• Task goal
The copy should hold exactly the lines below from the one that contains "Exodus 29:12 Take" through the one that contains "О супер! У меня" and nothing else, so no pictures.

• Source data
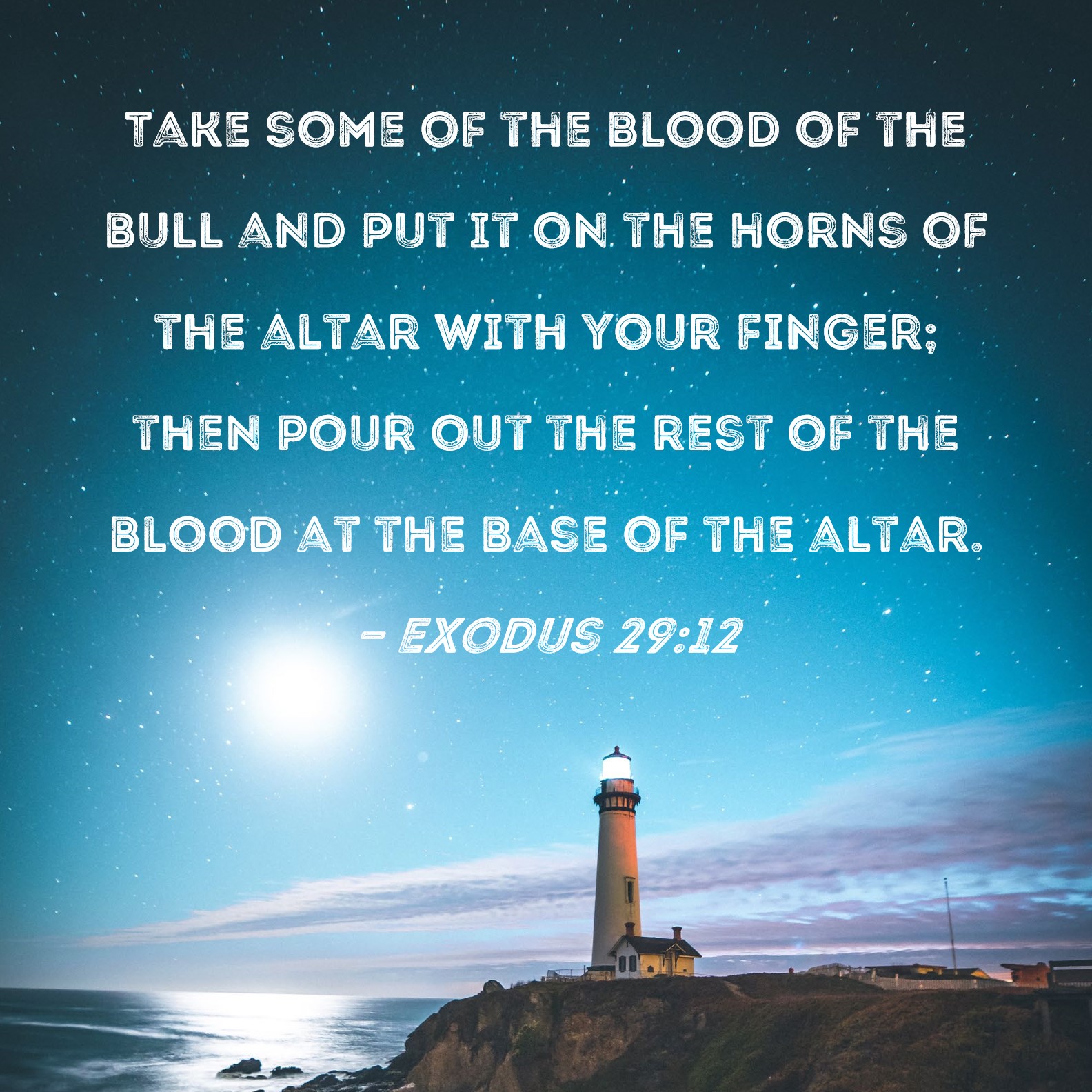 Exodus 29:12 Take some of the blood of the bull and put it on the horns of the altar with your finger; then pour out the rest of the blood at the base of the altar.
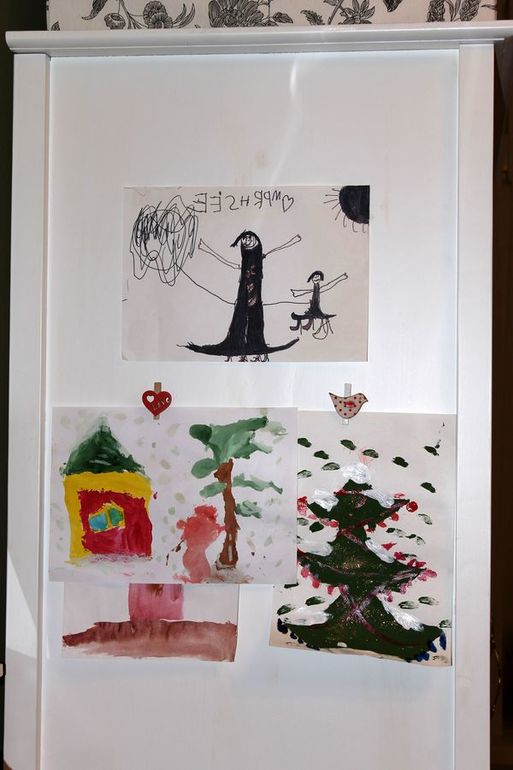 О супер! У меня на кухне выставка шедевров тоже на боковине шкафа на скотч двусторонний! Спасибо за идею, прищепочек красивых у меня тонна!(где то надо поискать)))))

* * *

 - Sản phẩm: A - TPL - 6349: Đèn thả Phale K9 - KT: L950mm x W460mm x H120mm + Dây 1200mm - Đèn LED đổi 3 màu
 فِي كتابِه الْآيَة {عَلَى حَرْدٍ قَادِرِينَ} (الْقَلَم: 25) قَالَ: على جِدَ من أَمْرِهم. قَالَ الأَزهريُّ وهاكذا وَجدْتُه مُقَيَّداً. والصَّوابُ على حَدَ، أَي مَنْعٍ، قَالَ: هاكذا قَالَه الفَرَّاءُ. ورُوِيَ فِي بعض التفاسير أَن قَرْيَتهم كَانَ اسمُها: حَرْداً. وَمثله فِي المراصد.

• Output for this task
 Exodus 29:12 Take some of the blood of the bull and put it on the horns of the altar with your finger; then pour out the rest of the blood at the base of the altar.
 О супер! У меня на кухне выставка шедевров тоже на боковине шкафа на скотч двусторонний! Спасибо за идею, прищепочек красивых у меня тонна!(где то надо поискать)))))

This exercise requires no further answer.